Im struggling with the following question:
"Suppose that $X$ is a topological space admitting a cell decomposition whose only non-zero homology groups are $$ H_0(X) = \mathbb{Z} \oplus \mathbb{Z}, H_1(X) = (\mathbb{Z}/2), H_2(X) = \mathbb{Z}, H_3(X) = \mathbb{Z} \oplus (\mathbb{Z}/3). $$ Show that any cell decomposition of X has at least 8 cells."

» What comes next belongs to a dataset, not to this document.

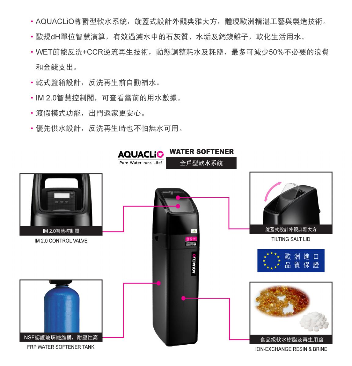 內容: AQUACLiO克麗歐尊爵型軟水系統,過濾水中的石灰質、水垢及鈣鎂離子。旋蓋式設計外觀典雅大方,體現歐洲精湛工藝與製造技術。WET節能反洗技術,動態調整耗水及耗鹽,最多可減少50%不必要的浪費和金錢支出 • AQUACLiO尊爵型軟水系統,旋蓋式設計外觀典雅大方,體現歐洲精湛工藝與製造技術。 • 歐規dH單位智慧演算,有效過濾水中的石灰質、水垢及鈣鎂離子,軟化生活用水。 • WET節能反洗+CCR逆流再生技術,動態調整耗水及耗鹽,最多可減少50%不必要的浪費和金錢支出。 • 乾式鹽箱設計,反洗再生前自動補水。 • IM 2.0智慧控制閥,可查看當前的用水數據。 • 渡假模式功能,出門返家更安心。 • 優先供水設計,反洗再生時也不怕無水可用。
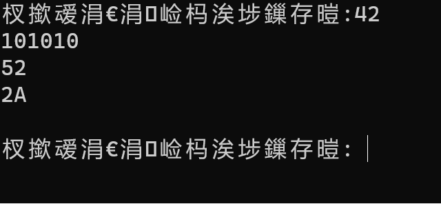 1 #include<stdio.h> 2 #define N 100 3 void dec_to_n(int x,int n); 4 5 int main(){ 6 int x; 7 8 printf("输入一个十进制整数:"); 9 while(scanf("%d",&x)!=EOF){ 10 dec_to_n(x,2); 11 dec_to_n(x,8); 12 dec_to_n(x,16); 13 14 printf("\n输入一个十进制整数: "); 15 16 } 17 return 0; 18 } 19 20 21 22 void dec_to_n(int x,int n){ 23 char ans[N]; 24 char map[17] = {"0123456789ABCDEF"}; 25 int r; 26 int cnt=0,i; 27 do{ 28 r=x%n; 29 ans[cnt++]=map[r]; 30 x=x/n; 31 } 32 while(x!=0); 33 for(i=cnt-1;i>=0;--i) 34 printf("%c",ans[i]); 35 36 printf("\n"); 37 }

I assumed that we had $a$ 0-cells, $b$ 1-cells , $c$ 2-cells and $d$ 3-cells. So constructed a chain group $$ 0\rightarrow\mathbb{Z}^d\xrightarrow{\partial_3}\mathbb{Z}^c\xrightarrow{\partial_2}\mathbb{Z}^b\xrightarrow{\partial_1}\mathbb{Z}^a\rightarrow 0 $$ So obviously we can see from the homologies that we must have $a\geq 2$, $b\geq 1$, c$\geq 1$ and $d\geq 2$. I then attempted to show that if $a=2$ or $d=2$ we would get a contradiction and then this would give us that $a+b+c+d\geq 8$, but I struggled to do so. Any help or advice would be appreciated.
The rank $b_2$ of the image of $\partial_2$ is not trivial since $H_1(X)$ has torsion. This implies that $c\geq 2$. Since $H_3(X)$ has torsion, the image of $\partial_4$ is not trivial, we deduce that $e\geq 1$ where $e$ is the number of $4$ cells.